WHAT TO DO -
Should an entry contain an image, omit it and repeat the rest exactly.

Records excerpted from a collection
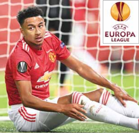
Man Utd's Jesse Lingard reacts during Europa League match against LASK

The Linz-based outfit had to wait until the second half to break the deadlock as defender Philipp Wiesinger rifled into the top corner from outside the box after 55 minutes.
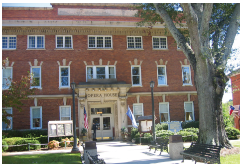
Abberville Opera House

The historic Abberville Opera House in Abberville, South Carolina was designated the official State Rural Drama Theater by Act No. 48 of 2001. The Abberville Opera House was built in 1908 and is listed on the National Register of Historic Places.
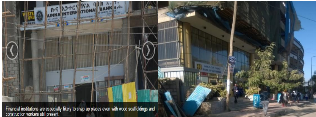
Figure 4.2 Rented Buildings under Construction

and directives, prefer fine instead of waiting for the inspectors, prefer to rent the ground floor to get money and finalize other floors, violate the standard and agreement and construct by their new design, prefer to get the service illegally and misunderstanding about the inspectors' visit and believed not for the quality of the construction. The following figure shows the rented under construction buildings.
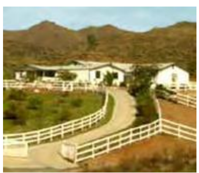
Rancho de la Paz

ADDRESS: PO Box 1388, Lake Elsinore, CA 92530
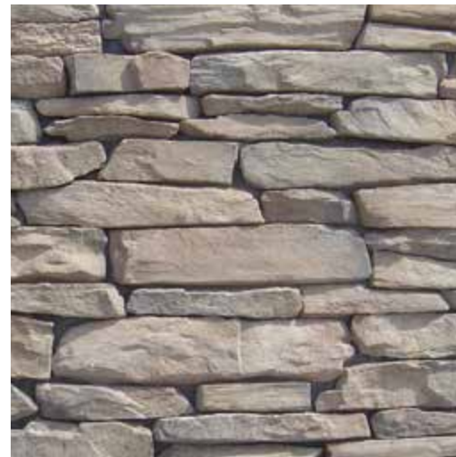
Shadow Ledge - Walnut
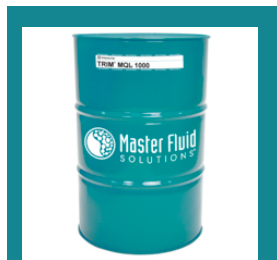
54-gallon drum SKU: MQL1000-54G UPC-12: 641238038597

ANSWER SECTION -
Man Utd's Jesse Lingard reacts during Europa League match against LASK

The Linz-based outfit had to wait until the second half to break the deadlock as defender Philipp Wiesinger rifled into the top corner from outside the box after 55 minutes.
Abberville Opera House

The historic Abberville Opera House in Abberville, South Carolina was designated the official State Rural Drama Theater by Act No. 48 of 2001. The Abberville Opera House was built in 1908 and is listed on the National Register of Historic Places.
Figure 4.2 Rented Buildings under Construction

and directives, prefer fine instead of waiting for the inspectors, prefer to rent the ground floor to get money and finalize other floors, violate the standard and agreement and construct by their new design, prefer to get the service illegally and misunderstanding about the inspectors' visit and believed not for the quality of the construction. The following figure shows the rented under construction buildings.
Rancho de la Paz

ADDRESS: PO Box 1388, Lake Elsinore, CA 92530
Shadow Ledge - Walnut
54-gallon drum SKU: MQL1000-54G UPC-12: 641238038597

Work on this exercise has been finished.